New (financial) year’s resolutions – do you have them?


Why bother with the new (financial) year’s resolutions?

There’s lots on why new year’s resolutions don’t work in general. People are too ambitious. Too general. People don’t really want what they say they want, or don’t want to put the work in. You name it, there is a lot of bad press on why they don’t work.

Let’s look at what a resolution is.

The dictionary defines it as a “firm decision to do or not do something.” I like that. It speaks of thoughtfulness and resolve. That is, you take the time to think about things and then make a firm decision one way or another.

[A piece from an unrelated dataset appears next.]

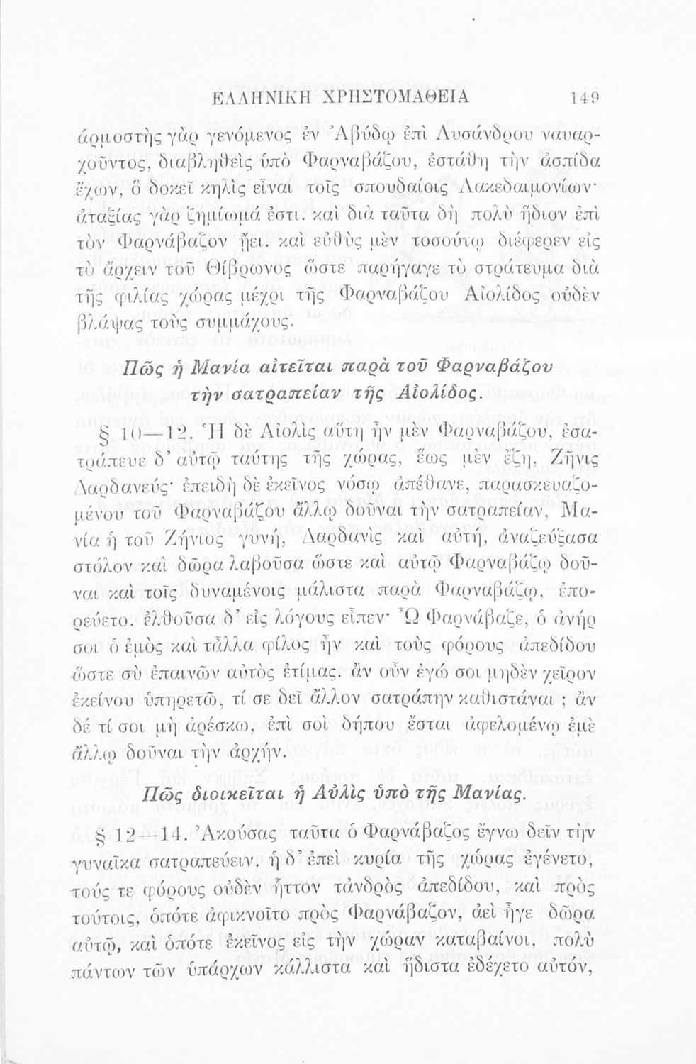 LDR 01883 2200205 4500 035 ## _a02-02099 040 ## _aΕλληνικό Λογοτεχνικό και Ιστορικό Αρχείο 041 ## _ael 100 ## _aΞενοφών _aΛουκιανός _aΕυάγγελος Παπαναστασίου (σχόλια) 110 ## _a1915 ΠΑΠ 245 0# _aΕλληνική χρηστομάθεια τόμος Γ΄ εκλογαί εκ των τεσσάρων τελευταίων βιβλίων της Κύρου Αναβάσεως του Ξενοφώντος, εκ του Γ΄ και Δ΄ βιβλίου των Ελληνικών του αυτού και εκ του Λουκιανού το Ενύπνιον και Ανάχαρσιν προς χρήσιν των μαθητών της Γ΄ τάξεως του Ελληνικού Σχολείου 260 ## _aΑθήνα _bΒιβλιοπωλείο Ιωάννη Ν. Σιδέρη _c1915 300 ## _a232 _bΧάρτης (έγχρωμος), Σκίτσα (ασπρόμαυρα) 520 ## _aΣχολικό εγχειρίδιο Αρχαίων Ελληνικών Γ' Ελληνικού Σχολείου που περιλαμβάνει γραμματική της αρχαίας ελληνικής, αποσπάσματα από το έργο του Ξενοφώντα Ελληνικά και τα έργα του Λουκιανού Ενύπνιον και Ανάχαρσις, βιογραφικά σημειώματα των συγγραφέων, ερμηνευτικές και πραγματολογικές σημειώσεις. 521 ## _aΓ' Ελληνικού Σχολείου 522 ## _aΕλλάδα 546 ## _aΚαθαρεύουσα 563 ## _aΜαλακό Εξώφυλλο 583 ## _c1914 650 #4 _aΑγωγή του πολίτη _aΠελοποννησιακός πόλεμος _aΡητορική _aΣόλωνας _aΦιλοσοφία

There is something about taking some time on a regular basis to audit where you are in your life. To look at whether there are any adjustments that you need to make. If that “audit” looks like “resolutions” in the form of doing more of something or less of it, or something completely different, then that is a good thing. The key I think is actually thinking about it – so some conscious thought, and then some clear decisions.

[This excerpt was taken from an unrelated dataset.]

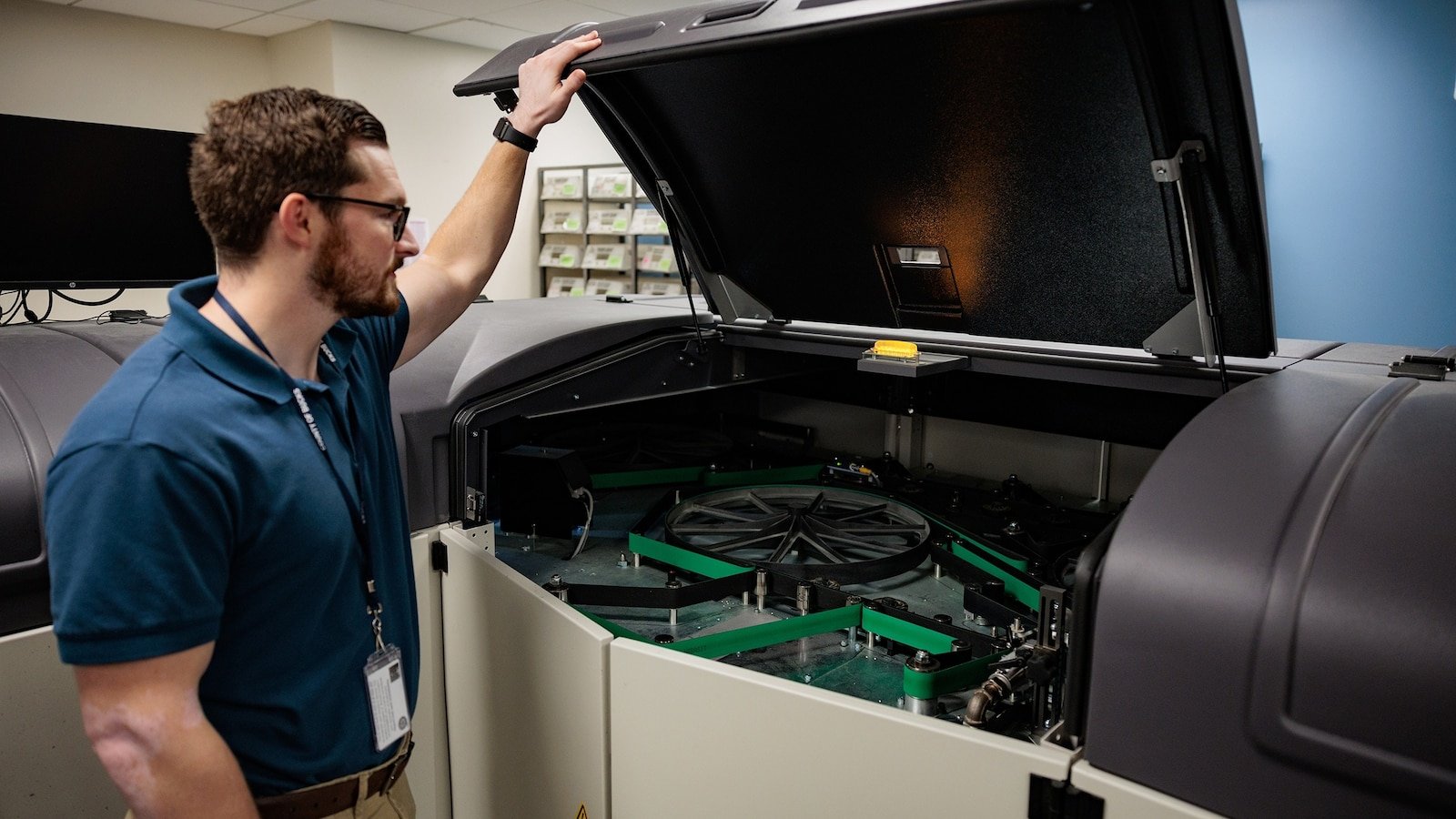 Board of Elections Director Tyler Burns holds a mail generator open at the board of elections office on Sept. 30, 2024, in Doylestown, Pa.

How to make your new (financial) year’s resolutions work for you

Some tips for making the most of your new financial year’s resolutions

  • Remember it’s the journey that counts not the destination. So many people have finally reached their “goal” and felt a sense of disappointment because the whole focus has been on achieving the goal rather than enjoying the journey to get there. So, as an example – if your goal is to finish your degree, remember that learning is a life time pursuit – and enjoy the steps (as much as possible) and the learning to get to that goal. Sure, each unit successfully completed is a step closer but what have you learnt in that unit – and how is that changing the way that you work/live etc?
  • Remember change is hard. So, think about whether you really want the change. And why. And whether you are prepared to do the work/make the changes to make it happen. And if you really want it, but know there are some blockers in the way, what can you do address those so that you are setting yourself up for success rather than failure?  For example – if you want to get fit, think about what is stopping you at present. Make the little changes to address those blockers, like organise to go for a walk with a friend rather than on your own, put your gym clothes next to your bed the night before. These are all oft quoted suggestions for a reason, and that is because they work!
  • Make your changes aspirational but achievable. You can do this by chunking it down. Sticking with the fitness example. If your ultimate goal is to run a marathon, you might start with being able to run 5kms without stopping. Perhaps that is your goal for the next six months, and then after that to be able to compete in 10km fun runs, and then by end of 2017 to run your first half marathon.. And so on.
  • Remember the goals are your goals and you can change them at any time. If a goal isn’t serving you or if it’s really not ever going to happen, reevaluate whether it should be on your list. Is being on your list just making you feel bad? Or is there a blocker you really need to address? Perhaps you realise after running your first half marathon that the training you need to do isn’t compatible with your current work and family commitments, and you decide to stick with running monthly 10km fun runs, with a view to reevaluating the goal again in a year or so.
  • Remember the definition. Make a firm decision to do something (or not).  It’s rare that we achieve a goal without some specific thought and a plan of some sort on how to get there.. SMART goal setting can help too (specific, measurable, achievable, relevant and time bound). That is – I want to run 5kms by the end of August, then be able to run 5kms in under 30 minutes by the end of December etc…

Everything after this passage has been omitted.